• **TASK PROMPT**
Please output the records below word for word and omit the pictures.

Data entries
-*-*-
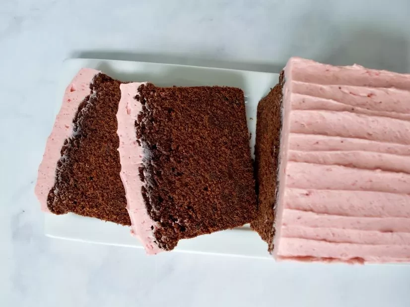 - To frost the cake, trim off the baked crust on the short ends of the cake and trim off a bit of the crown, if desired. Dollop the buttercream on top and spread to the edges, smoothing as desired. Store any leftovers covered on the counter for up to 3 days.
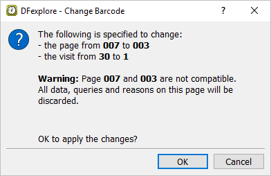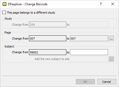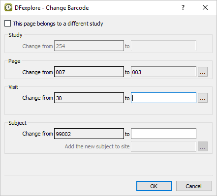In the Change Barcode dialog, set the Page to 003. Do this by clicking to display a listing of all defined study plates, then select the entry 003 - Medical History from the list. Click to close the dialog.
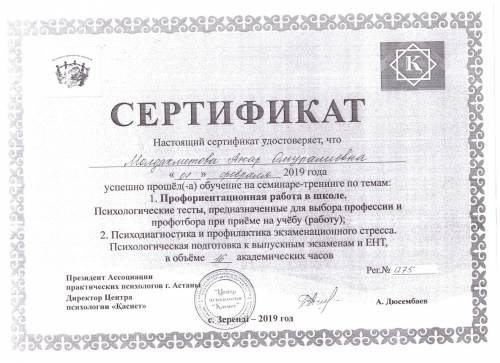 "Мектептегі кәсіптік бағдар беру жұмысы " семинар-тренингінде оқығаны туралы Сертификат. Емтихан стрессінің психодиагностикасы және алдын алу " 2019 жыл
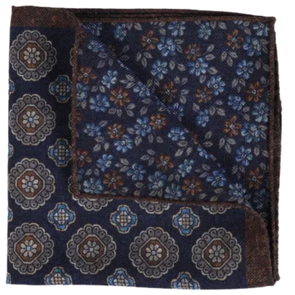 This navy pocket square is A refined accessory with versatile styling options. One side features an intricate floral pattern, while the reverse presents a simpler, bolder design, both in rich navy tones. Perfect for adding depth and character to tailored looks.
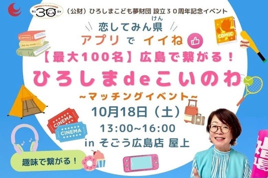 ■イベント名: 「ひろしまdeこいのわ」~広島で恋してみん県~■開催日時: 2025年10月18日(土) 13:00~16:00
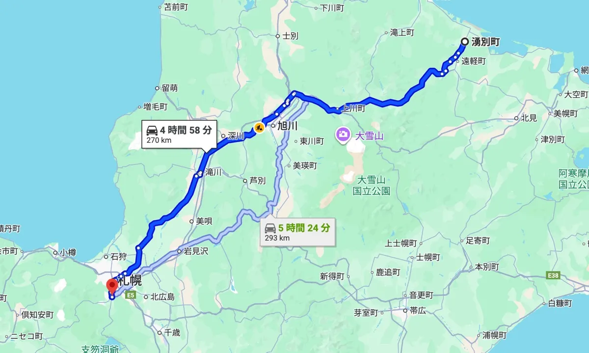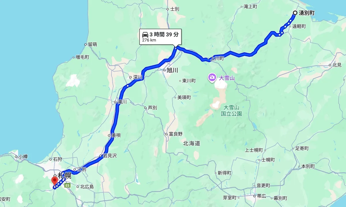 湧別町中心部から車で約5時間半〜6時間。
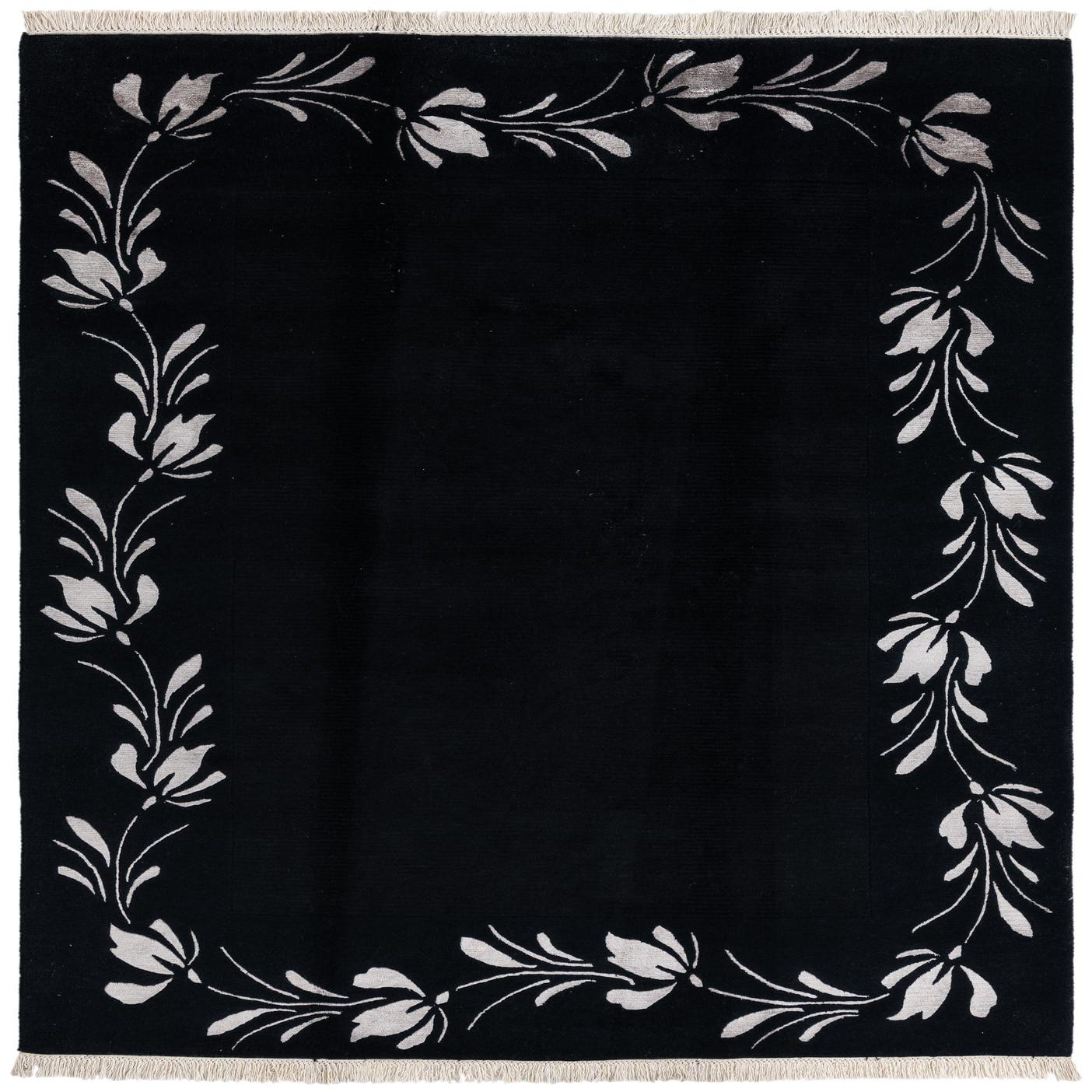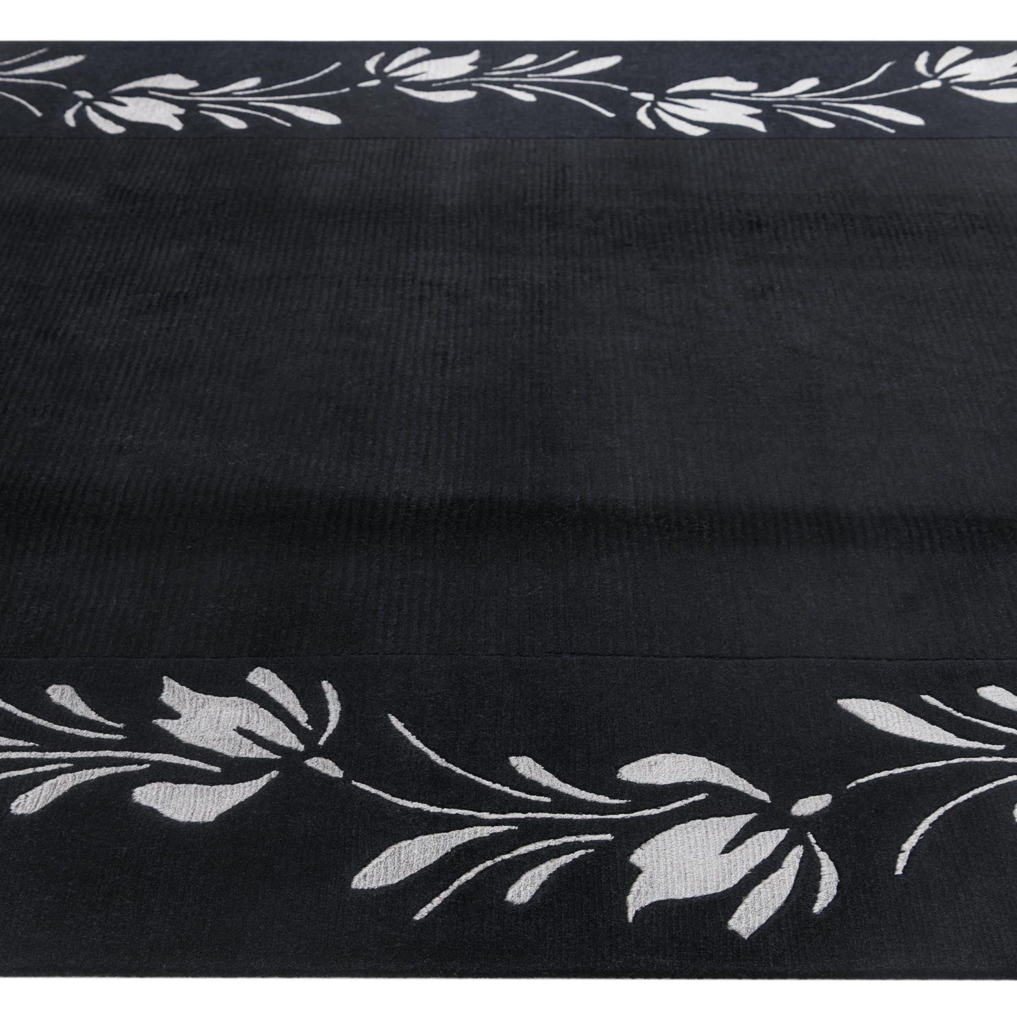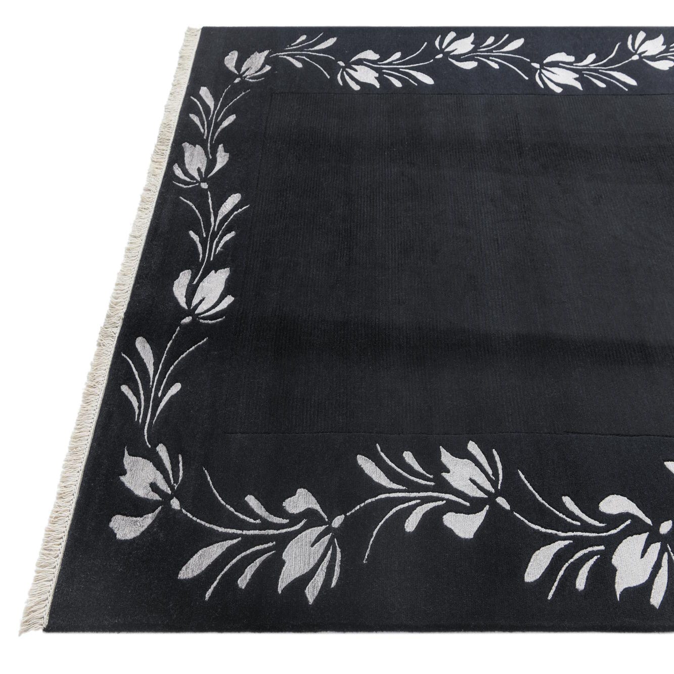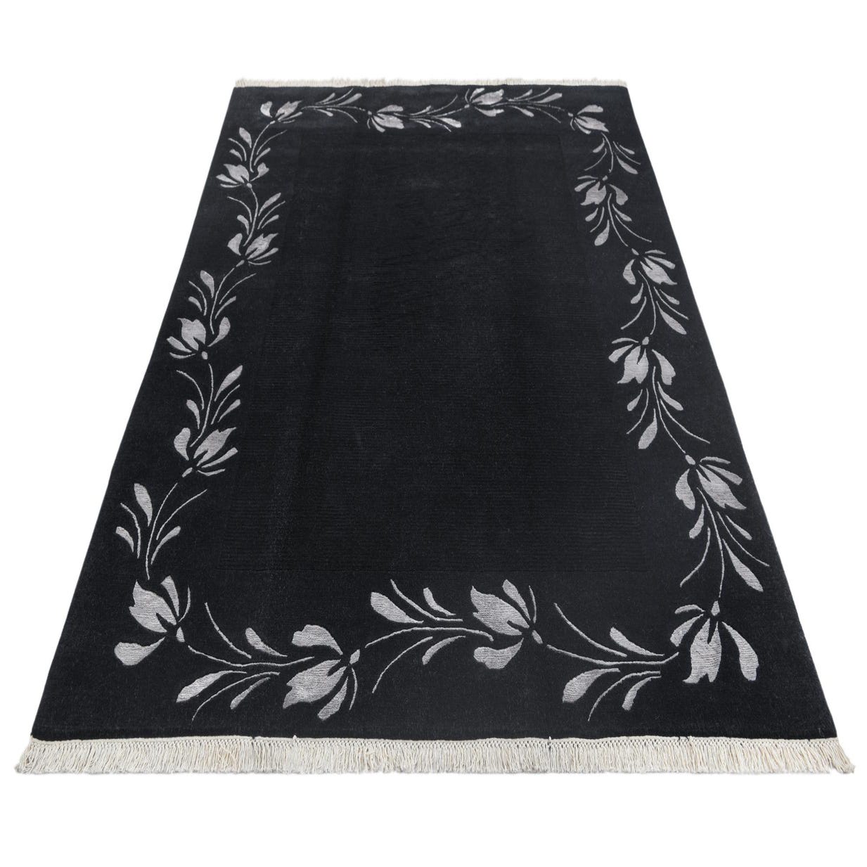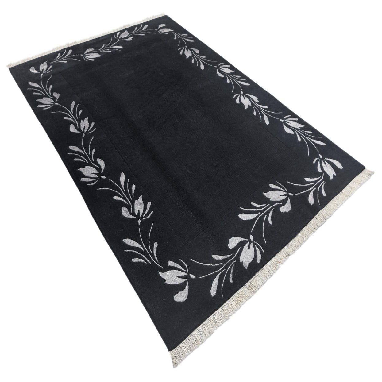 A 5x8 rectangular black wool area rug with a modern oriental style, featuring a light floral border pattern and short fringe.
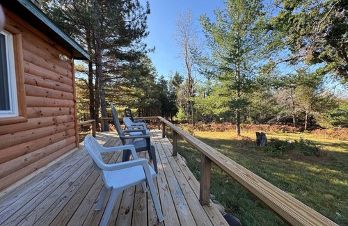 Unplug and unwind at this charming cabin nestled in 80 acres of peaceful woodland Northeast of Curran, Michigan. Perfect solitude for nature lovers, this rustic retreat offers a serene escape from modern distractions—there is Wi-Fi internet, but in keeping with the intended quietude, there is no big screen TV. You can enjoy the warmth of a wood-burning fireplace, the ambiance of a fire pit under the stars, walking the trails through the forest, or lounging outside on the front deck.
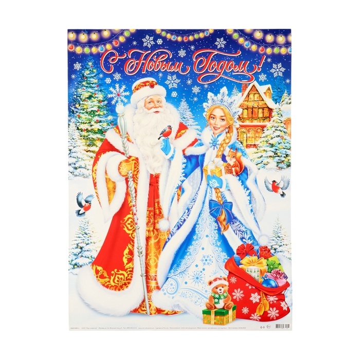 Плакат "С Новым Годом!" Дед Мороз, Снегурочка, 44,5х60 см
-*-*-
• **RESULT**
 - To frost the cake, trim off the baked crust on the short ends of the cake and trim off a bit of the crown, if desired. Dollop the buttercream on top and spread to the edges, smoothing as desired. Store any leftovers covered on the counter for up to 3 days.
In the Change Barcode dialog, set the Page to 003. Do this by clicking to display a listing of all defined study plates, then select the entry 003 - Medical History from the list. Click to close the dialog.
 "Мектептегі кәсіптік бағдар беру жұмысы " семинар-тренингінде оқығаны туралы Сертификат. Емтихан стрессінің психодиагностикасы және алдын алу " 2019 жыл
 This navy pocket square is A refined accessory with versatile styling options. One side features an intricate floral pattern, while the reverse presents a simpler, bolder design, both in rich navy tones. Perfect for adding depth and character to tailored looks.
 ■イベント名: 「ひろしまdeこいのわ」~広島で恋してみん県~■開催日時: 2025年10月18日(土) 13:00~16:00
 湧別町中心部から車で約5時間半〜6時間。
 A 5x8 rectangular black wool area rug with a modern oriental style, featuring a light floral border pattern and short fringe.
 Unplug and unwind at this charming cabin nestled in 80 acres of peaceful woodland Northeast of Curran, Michigan. Perfect solitude for nature lovers, this rustic retreat offers a serene escape from modern distractions—there is Wi-Fi internet, but in keeping with the intended quietude, there is no big screen TV. You can enjoy the warmth of a wood-burning fireplace, the ambiance of a fire pit under the stars, walking the trails through the forest, or lounging outside on the front deck.
 Плакат "С Новым Годом!" Дед Мороз, Снегурочка, 44,5х60 см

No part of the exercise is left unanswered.